Part 44 (1/2)

=”After You, Leddies”=

Will Hamilton, the ”daft man o' Ayr,” was once hanging about the vicinity of a loch, which was partially frozen. Three young ladies were deliberating as to whether they should venture upon the ice, when one of them suggested that Will should be asked to walk on first. The proposal was made to him.

”Though I'm daft, I'm no' ill-bred,” quickly responded Will; ”after you, leddies!”

=”Ursa Major”=

Boswell expatiating to his father, Lord Auchinleck, on the learning and other qualities of Dr. Johnson, concluded by saying, ”He is the grand luminary of our hemisphere--quite a constellation, sir.”

”Ursa Major, I suppose,” dryly responded the judge.

=Sheridan's Pauses=

A Scottish minister had visited London in the early part of the present century, and seen, among other tricks of pulpit oratory, ”Sheridan's Pauses” exhibited. During his first sermon, after his return home, he took occasion at the termination of a very impa.s.sioned and highly wrought sentence or paragraph, to stop suddenly, and pause in ”mute unbreathing silence.”

The precentor, who had taken advantage of his immemorial privilege to sleep out the sermon, imagining, from the cessation of sound, that the discourse was actually brought to a close, started up, with some degree of agitation, and in an audible, though somewhat tremulous voice read out his usual, ”Remember in prayer----”

”Hoot man!” exclaimed the good-natured orator over his head, placing at the same time his hand upon his shoulder: ”hout, Jamie, man, what's the matter wi' ye the day; d'ye no ken I hae nae done yet?-- That's only ane o' Sheridan's pauses, man!”

=Absent in Mind, and Body, Too=

The Rev. John Duncan, the Hebrew scholar, was very absent-minded, and many curious stories are told of this awkward failing.

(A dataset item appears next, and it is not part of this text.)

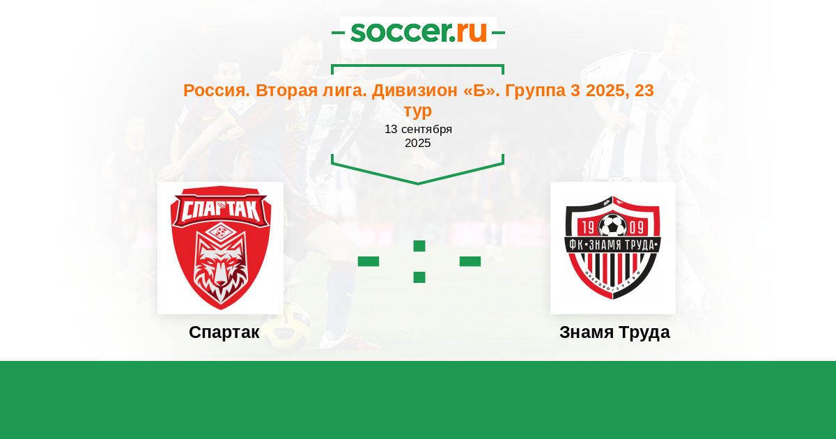 Россия. Вторая лига. Дивизион «Б». Группа 3 24.05.2025 Знамя Труда Логотип футбольный клуб Знамя Труда (Орехово-Зуево) 1:0 Логотип футбольный клуб Спартак (Тамбов) Спартак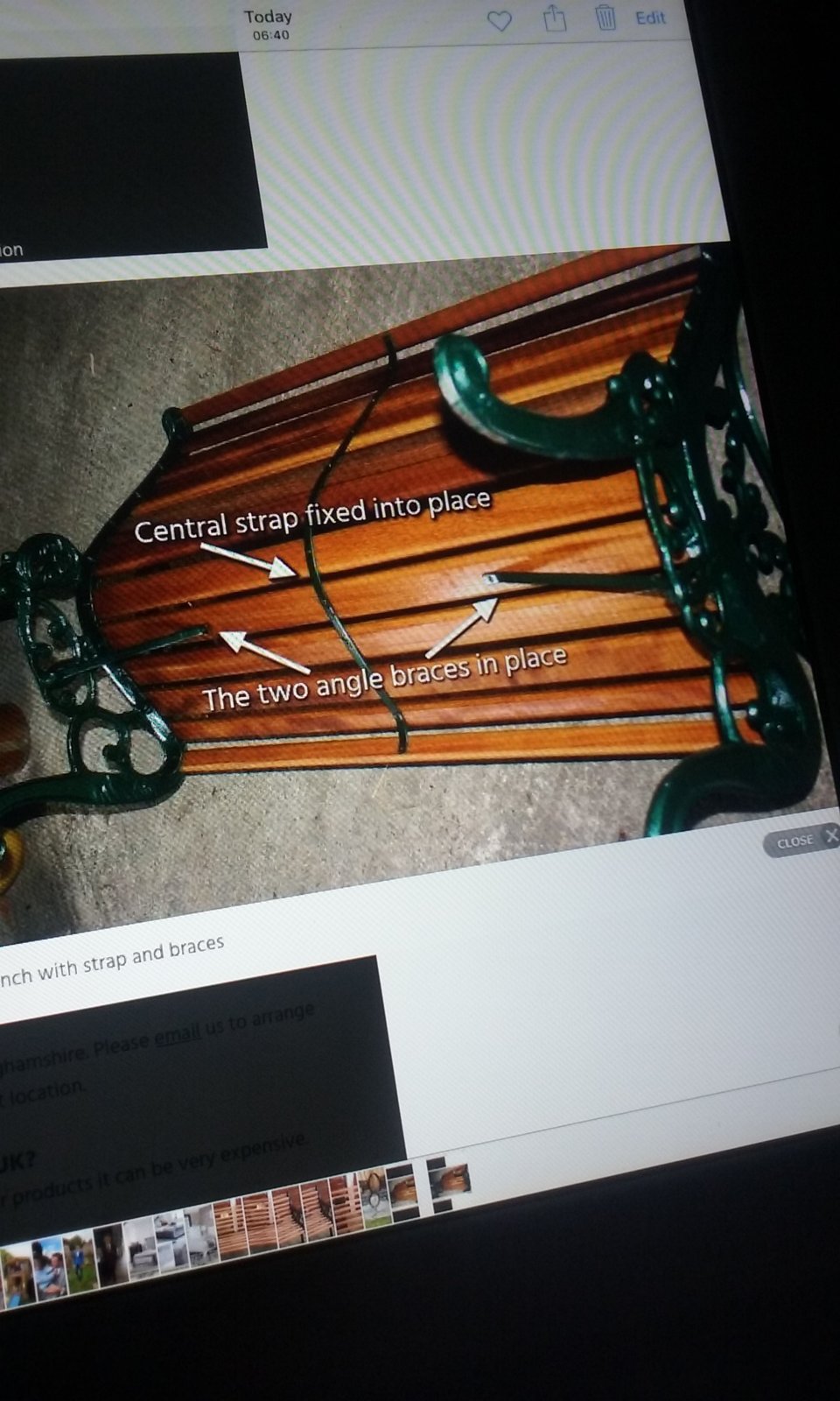 Thing is I have just restored a wooden bench of great sentimental value but have lost the Central Strap and the 2 Side Braces....and was wondering if anyone knows where I can obtain these...

On one occasion he had arranged to preach in a certain church a few miles from Aberdeen.

He set out on a pony in good time, but when near the end of his journey he felt a desire to take a pinch of snuff. The wind, however, blowing in his face, he turned the head of the pony round, the better to enjoy the luxury. Pocketing his snuff-box, he started the pony without again turning it in the proper direction, and did not discover his error until he found himself in Union Street, Aberdeen, at the very time he ought to have entered the pulpit seven miles off.

On another occasion he was invited to dinner at the house of a friend, and was shown into a bedroom to wash his hands.

After a long delay, as he did not appear, his friend went to the room, and, behold! there lay the professor snugly in bed, and fast asleep!

=Prof. Aytoun's Courts.h.i.+p=

After Prof. Aytoun had made proposals of marriage to Miss Emily Jane Wilson, daughter of ”Christopher North,” he was, as a matter of course, referred to her father. As Aytoun was uncommonly diffident, he said to her, ”Emily, my dear, you must speak to him for me. I could not summon courage to speak to the professor on this subject.”

”Papa is in the library,” said the lady.

”Then you had better go to him,” said the suitor, ”and I'll wait here for you.”

There being apparently no help for it, the lady proceeded to the library, and taking her father affectionately by the hand, mentioned that Aytoun had asked her in marriage. She added, ”Shall I accept this offer, papa; he is so shy and diffident, that he cannot speak to you himself.”

”Then we must deal tenderly with him,” said the hearty old man. ”I'll write my reply on a slip of paper, and pin it on your back.”

”Papa's answer is on the back of my dress,” said Miss Wilson, as she re-entered the drawing-room.

Turning round, the delighted swain read these words: ”With the author's compliments.”